Hello I am looking for anyone that can hopefully lead me in the right direction of finding what I am looking for. I am looking for a legit United States seller and or re seller to purchase a AceNS for the Nintendo Switch. If their are none that exist, I am looking for a seller and re seller to order one without having to wait months to receive one from China based companies. I greatly appreciate the help.


----------



## wurstpistole (Mar 3, 2019)

Edit


----------



## aos10 (Mar 4, 2019)

Have you ever bought something from Ali express lately and waited for months?
You will mostly wait 3-4 weeks at most.


----------



## jtarules89 (Mar 5, 2019)

aos10 said:


> Have you ever bought something from Ali express lately and waited for months?
> You will mostly wait 3-4 weeks at most.



Not recently, looks like I will have to have a look, thanks for the suggestion.


----------



## The Real Jdbye (Mar 5, 2019)

jtarules89 said:


> Not recently, looks like I will have to have a look, thanks for the suggestion.


Choose ePacket whenever possible. Usually ePacket arrives in 1-2 weeks for me, unregistered shipping can easily take 3-4 weeks, and registered isn't much faster.


----------



## larrypretty (Mar 13, 2019)

jtarules89 said:


> Hello I am looking for anyone that can hopefully lead me in the right direction of finding what I am looking for. I am looking for a legit United States seller and or re seller to purchase a AceNS for the Nintendo Switch. If their are none that exist, I am looking for a seller and re seller to order one without having to wait months to receive one from China based companies.

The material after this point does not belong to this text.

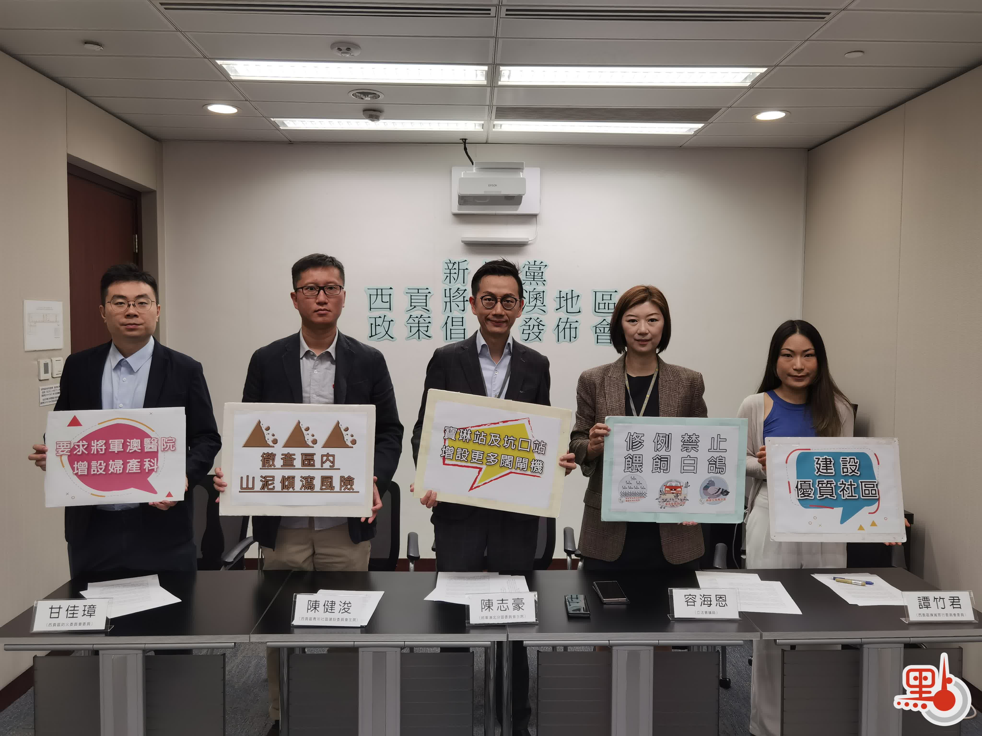 【點新聞報道】新民黨西貢將軍澳社區發展主任團隊近月積極落區,廣泛聽取市民意見,從而構建出「新民黨西貢將軍澳地區政策倡議」,為引起社會更多關注,推動社區完善,一眾社區發展主任今日(20日)舉行記者會公布就西貢將軍澳地區的政策倡議。立法會議員容海恩、西貢青年社區建設委員會主席陳健浚、將軍澳北分區委員會主席陳志豪、西貢區撲滅罪行委員會委員譚竹君、西貢區防火委員會委員甘佳璋出席。

I greatly appreciate the help.


There are 2 replacements for you, R4s dongle or NS-Atmosphere, and aliexpress is shippig from CN with delivery around 1 month.

Update: 3DS-Flashcard.cc site has R4s Switch in USA stock, but they don't have Ace loader.


----------



## Sheeeld234 (Apr 8, 2019)

You could find in AceNS official: http://www.ace3ds.com/ace-3ds-where-to-buy.html


----------